その家族との思いの交錯があるんだけど、毎日お金も無く忙しくトレーラーでツアーでアメリカ中を回る日々はホントに貧乏で辛いものだったんだろう。だけど実際そうでもしない限り、いろんな人に見てもらえないし誰にも理解してもらえないわけですが、少女の見る狭い世界観なんかもあって、家族と暮らしたいと思う。
まあいろんなことがあって、ボーカルが脱退し、看板のボーカルを無くしたランナウェイズは解散になるわけです。
ありきたりかもしれないし誰もが思うことかもしれないストーリーだけど映像と音楽の力で非常にいいものにしている。

ロックをする人間はほんとろくな人間じゃないしろくな生き方ができない。
そもそも自分の生計を立てるのがロックや音楽にする、せざるを得ない人間なんてほんとろくでもない人間なんですよ。
でもそういう狂った人にしかいい音楽や曲は作れない

特に意味がわからなかったエピソードは、日本へ遠征へ行くところ。
たぶん本当のランナウェイズが日本に遠征に言ったのでしょう。
飛行機にアルコールと白い粉を持ち込む所や、飛行機の中で白い粉を吸うシーン。
日本人の意味のわからない熱狂振りなどほんと意味わからなかった。
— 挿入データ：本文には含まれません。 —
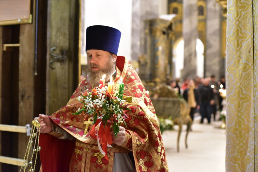 Понедельник Светлой седмицы. Великая вечерня. Вечером 25 апреля 2022г. в Успенском кафедральном соборе состоялась служба пасхальной великой вечерни, возглавил которую настоятель Свято-Троицкого прихода иерей Димитрий Корнилов. Пасха Христова является для всех христиан самым светлым, всеобщим и продолжительнейшим торжеством: все церковные службы последующей за ней седмицы бывают такими же праздничными и величественными, как и в первый ее день. Все содержание вечернего пасхального богослужения было наполнено радостнейшими песнопениями, прославляющими Воскресшего Господа. В завершение богослужения, после пения стихир Пасхи, отец Димитрий обратился к прихожанам со словами Пасхального приветствия. В них он поделился радостью…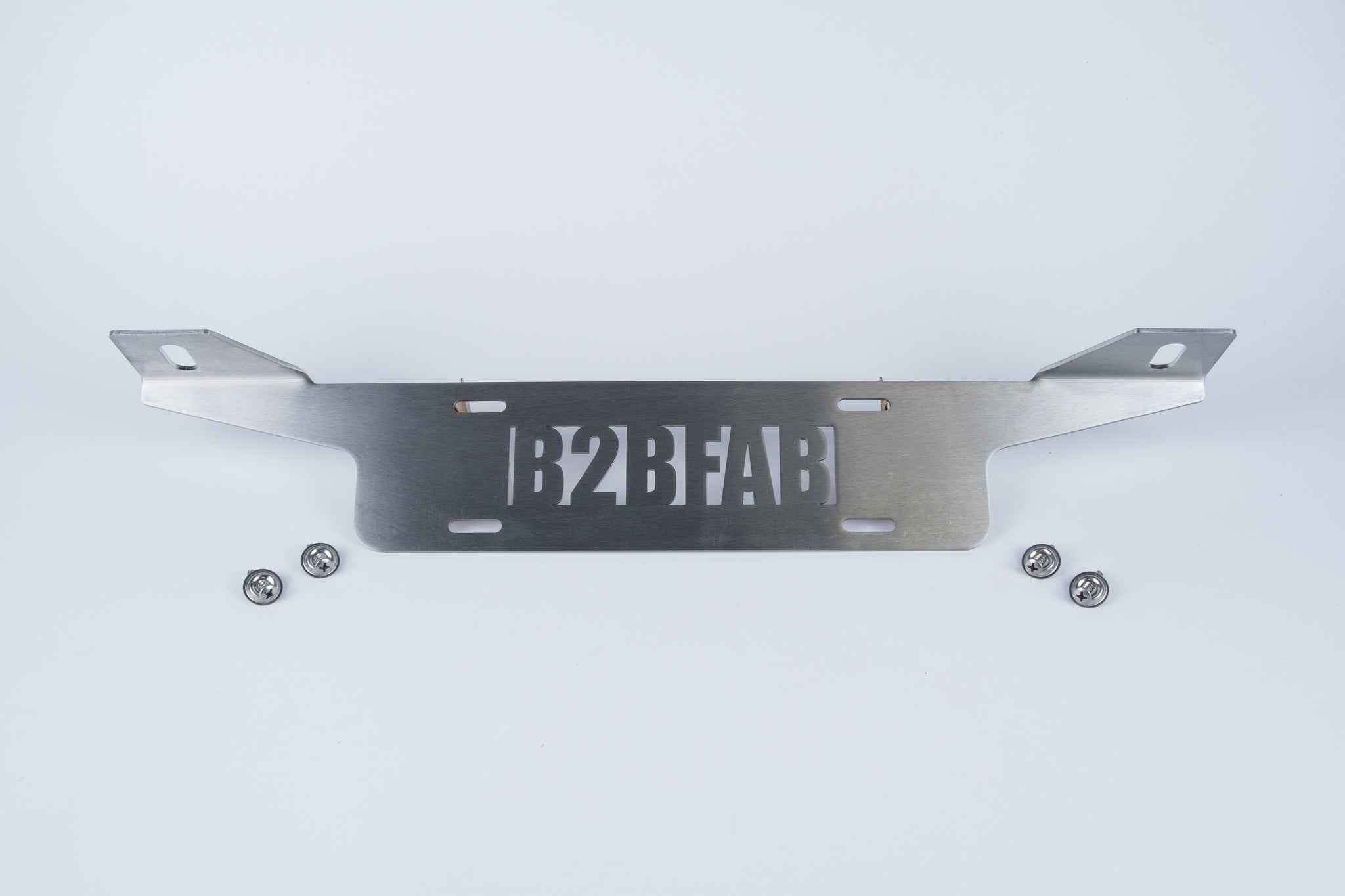 The B2BFAB Auxiliary Two Position U.S. Plate Width Light Bracket is a universal light bracket designed to be affixed to the bumper and allows for two lights to be mounted securely. The Width of the bracket and the hole spacing matches standard U.S. plates so it can be run behind your front license plate. Stainless steel construction provides a durable, long lasting, rust-free part. The ultimate solution to mount lights of your choice. A laser cut B2BFAB Logo is featured in the center and can be shown off or covered with a U.S. plate or even a European plate of your choice since the hole pattern in the bracket and the height matches our European License Plate Frame available here.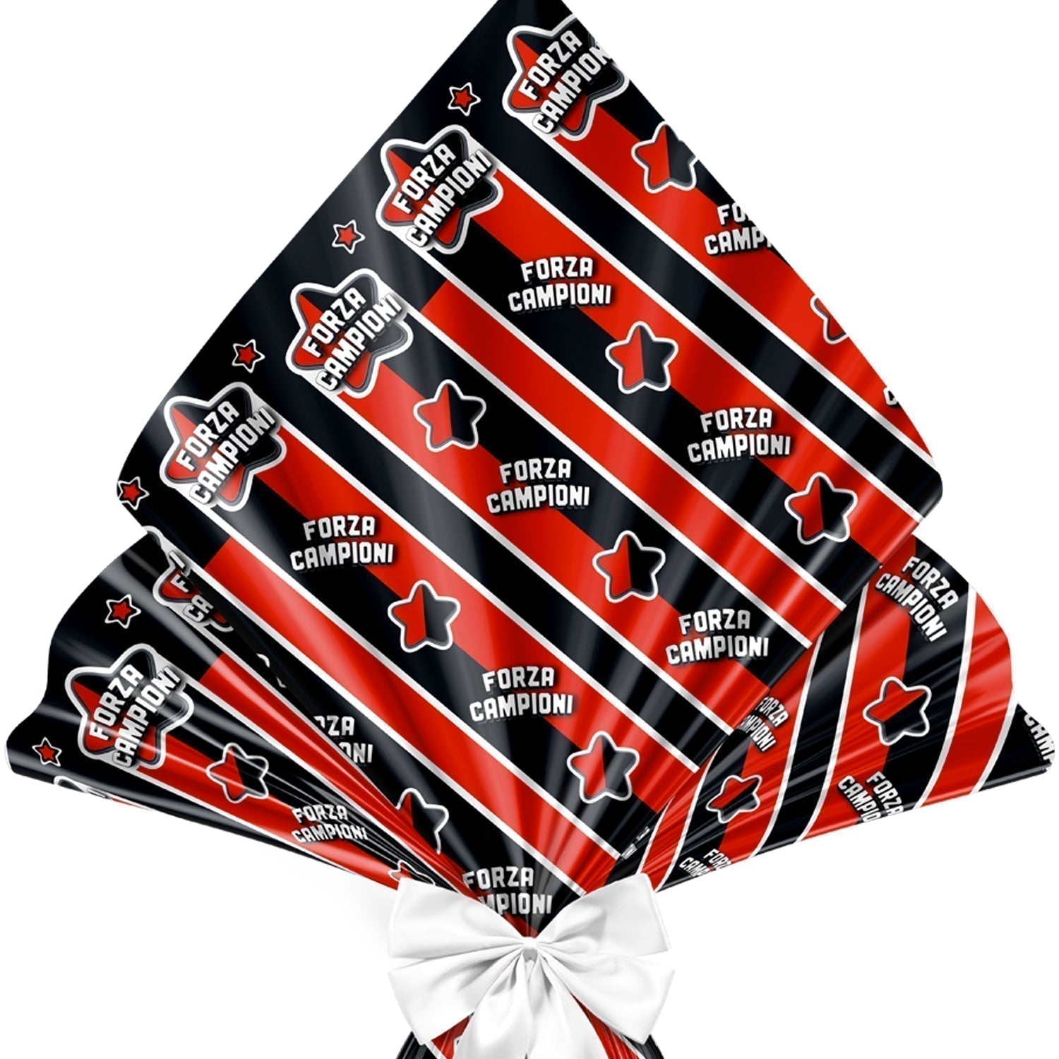 Incarto per uova di pasqua 100x100cm con fantasia stella da calcio e fascia con scritta Forza Campioni in colore rosso e nero, venduto in cartone da 10kg in colore singolo. Ideale per creare la tua linea sportiva. Abbinalo con il nostro fiocco doppio raso da 14cm. Disegnato dal nostro studio grafico è soggetto a copyright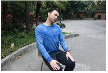 二、头部向后屈,左右有方向做180度的旋转,5个为一组,前屈同样训练,可以前后共4组。这样两组动作可以增加颈椎的活动度,促进血液循环。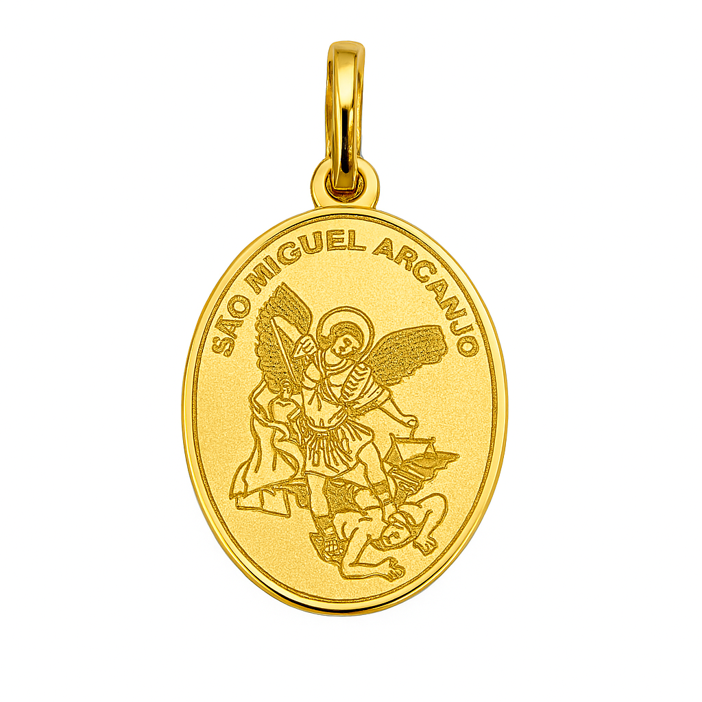 Pingente medalha São Miguel Arcanjo em ouro 18k.

当時日本でもそれほど人気があったのだなあ。
でも日本での遠征の裏側にバンド存続の危機があったというメッセージなのでしょう。

映画ランナウェイズは
ある1970年代の女性ロックバンド「The Runaways」の栄枯盛衰をドキュメント的になぞらったもの。
ザ・ランナウェイズを知らないと映画にのめりこまないと、話についていけないと思う。
ストーリーはありきたりでドキュメント的だけれど、音楽と映像と1970年代アメリカの雰囲気がすごく伝わってきて楽しく観れたと思います!センキュー!

●話が変わるが、ちょうどこの頃話題になっていたことがある。
結婚への憧れや、いくら働いても、月給15万から上がらないなどの悩みで上原美優の自殺がちょうど問題になっていた。
たぶんろくな男がいなかったんだろうし、アイドルになってみて結局はいつまでったってもお金持ちになれないし結婚も出来ず、最愛の母が亡くなってしまったことで本当に彼女の支えがなくなってしまい自殺にいたったのだろうか。
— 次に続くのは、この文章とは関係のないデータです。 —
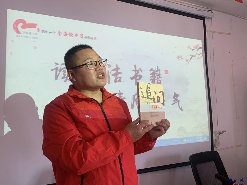 志愿者宗青春向大家推荐了优秀反腐纪实文学作品《追问》,从书籍的内容、中心思想以及廉洁纪律等方面发表自身感悟和见解,党员们通过阅读《共产党人的旗帜》《习近平关于“不忘初心、牢记使命”论述摘编》等优秀廉洁书籍,加深党员干部对文中廉洁含义的理解,将廉洁文化根植在党员干部心中,共同营造“读廉书、谈廉洁、知廉事、重廉行”的良好品行。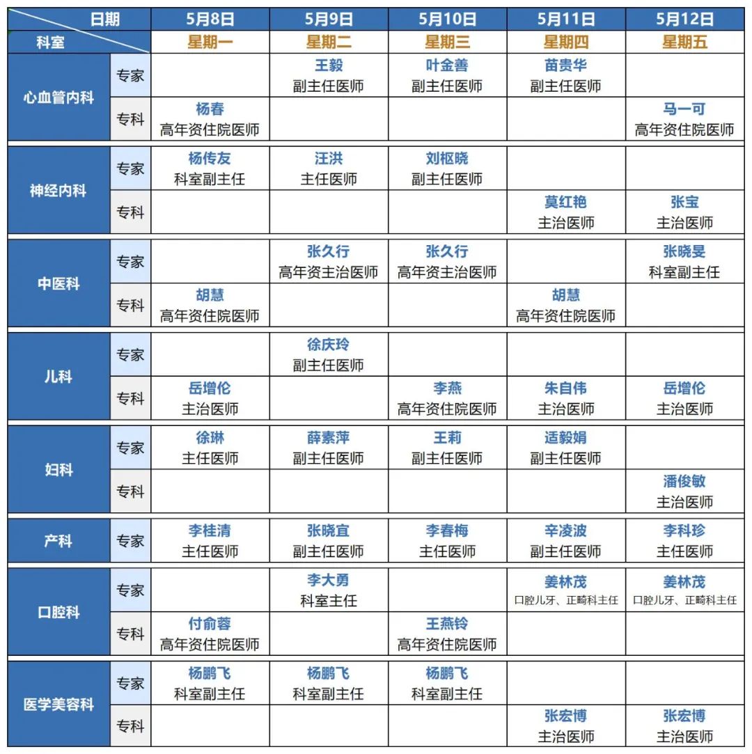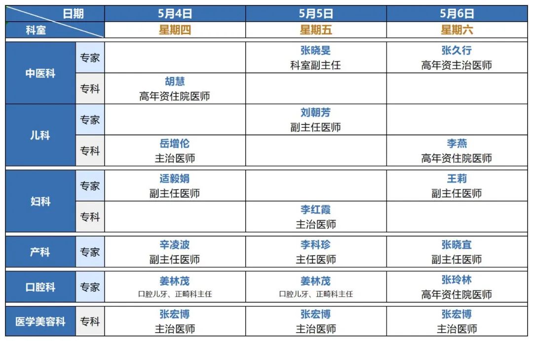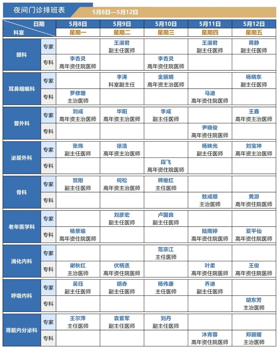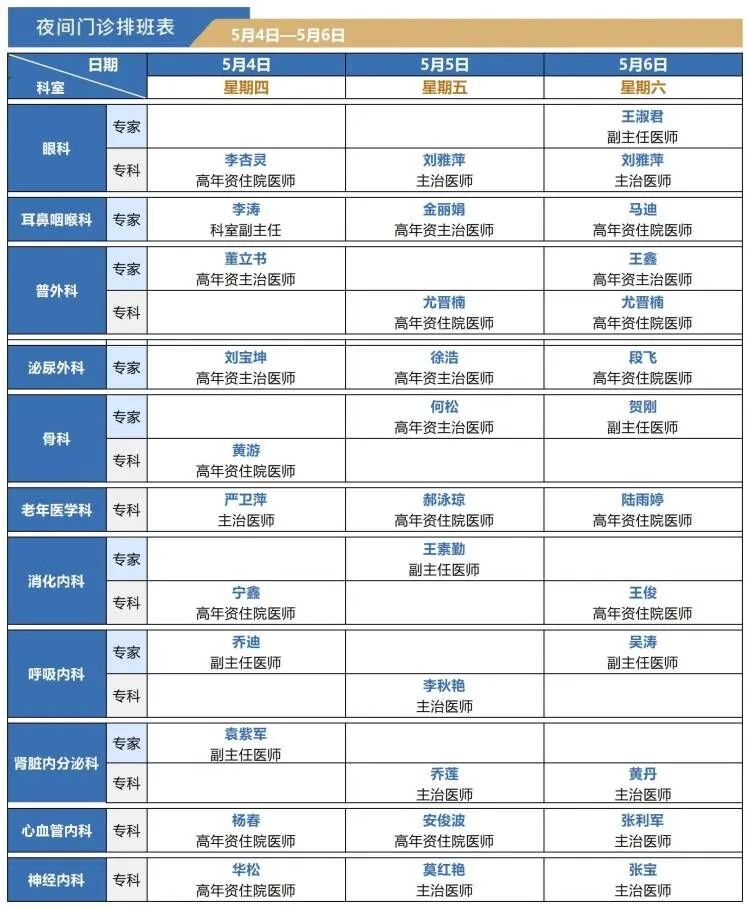 5月4日--5月12日夜间门诊排班表

日本の若いロックミュージシャンの神聖かまってちゃんがNHKでやっていたらしいが、
弟に聞いた話だけど、の子が忙しくてNHKの人に八つ当たりしたりもともと精神的も不安定で泣いてしまうシーンがあるらしい。

芸能人であれば華やかであるはずが、音楽であれば本来想像力など必要とするはずが、それをお金を得るための手段とされてしまうことで馬車馬のように働かされ、歌も作らされ、理想とかけ離れて精神的も疲れてしまう状態が非常によくみてとれる。
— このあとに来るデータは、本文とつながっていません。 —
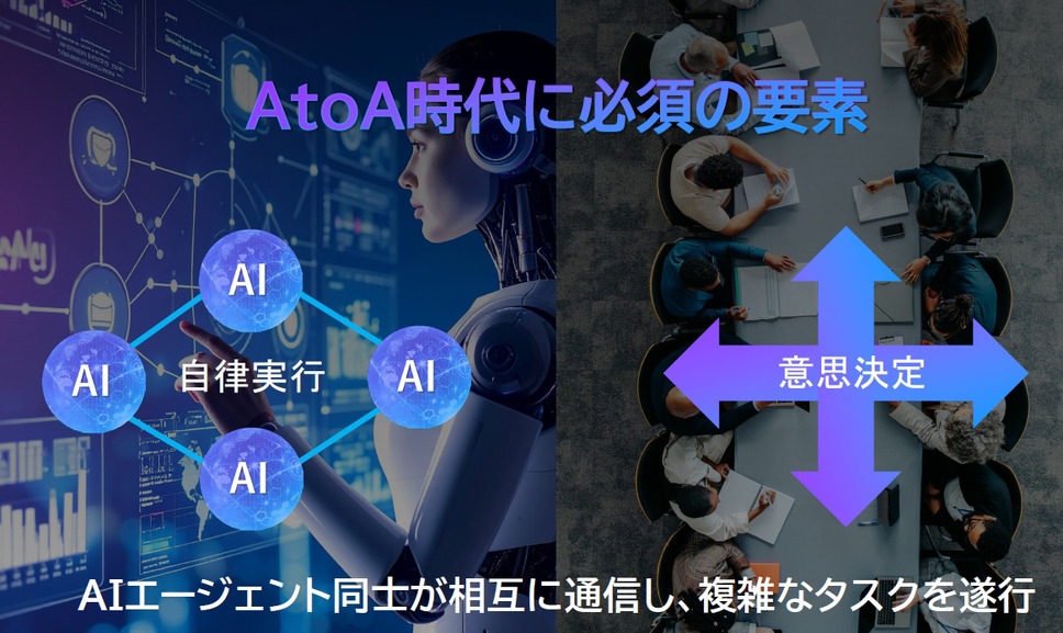 登壇した本部長の上原氏は「現在、社員ひとりひとりに複数の「AIエージェント」が作られ、部門ごとのシステム向けにAIエージェントが作られ、それらが会話をしながら自律的に実行する世の中が実現しています。A2A(エージェントtoエージェント)とも言われていますが、これらAIエージェント同士が自律的に作業を実行し、意思決定を促していくシステムが重要になってきます」と語った。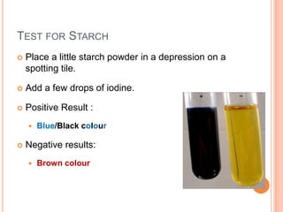 The document describes procedures for testing foods for the presence of starch, glucose, proteins, and oils/fats. For each test, it provides the steps to perform the test along with the expected color change results for a positive or negative indication of the substance being tested. The tests involve adding reagents like iodine, Benedict's solution, Biuret reagent, or water and observing any color changes that confirm or rule out the presence of starch, glucose, proteins, or oils/fats.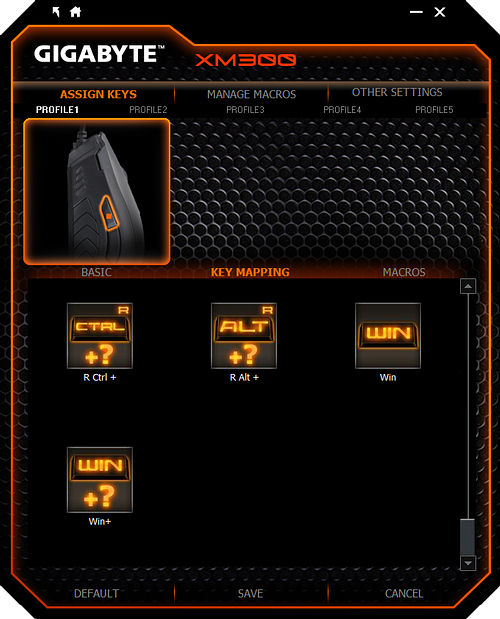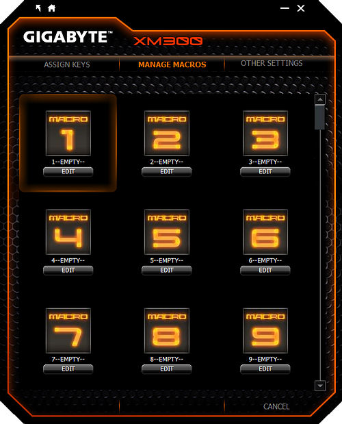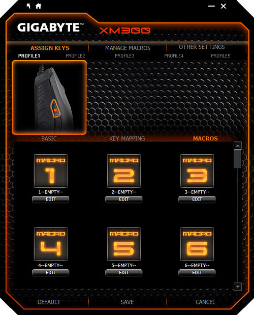 Почему-то отсутствующая в спецификациях внутренняя память Gigabyte XM300 не требует дополнительных драйверов, для настройки мыши достаточно установки штатной программы Xtreme Macro Engine.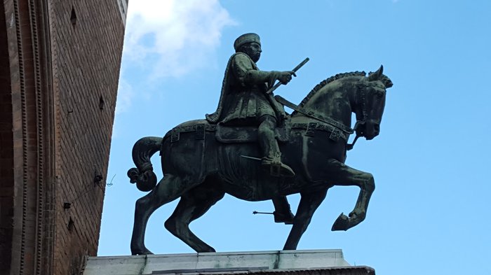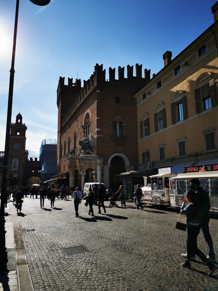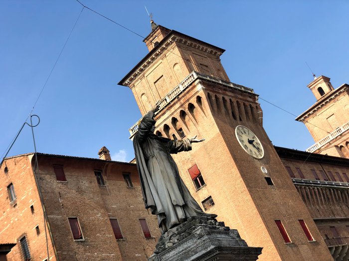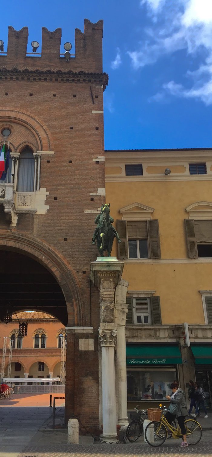 The double marble column of Borso d'Este is located near the city's cathedral, and is a shrine dating back to 1452 AD. It consists of several layers of pink marble taken from crushed tombstones from Jewish cemeteries. It was built primarily as a base for the duke's statue, and served as an entrance Historic of the Ducal Court.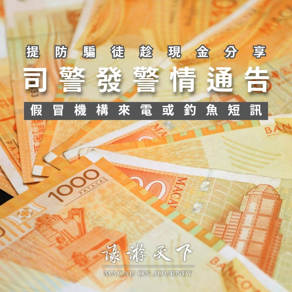 政府昨日公佈了本年度現金分享計畫的發放安排。司法警察局發出警情通告,提醒市民提防騙徒趁計畫假冒機構來電或濫發釣魚短訊。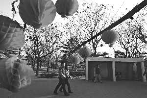 游人走過點綴著大紅燈籠的陶然亭公園。昨日廠甸廟會緊張籌備。本報記者 吳江 攝

アイドルやロックミュージシャンはどれだけ凄くてもやっぱり自分だけで売れることはできない。事務所があって、そこがその能力を世界に周知させ、お金を生み出す。人間が欲しいものは結局はお金だったりする。
お金を生み出すには投資がいる。
芸能事務所というのは、広告に対する投資だけで運営するというずるい会社なのかもしれない。
なぜなら、アイドル、ミュージシャンがある程度まで育った才能が完成したものに投資しているだけで、完成する前は投資していないからだ。
だけど芸能事務所、プロデューサーがあるからこそ、アイドルやロックミュージシャンは地元の有名人程度で終わることなく、世界的な有名人になれるのだ。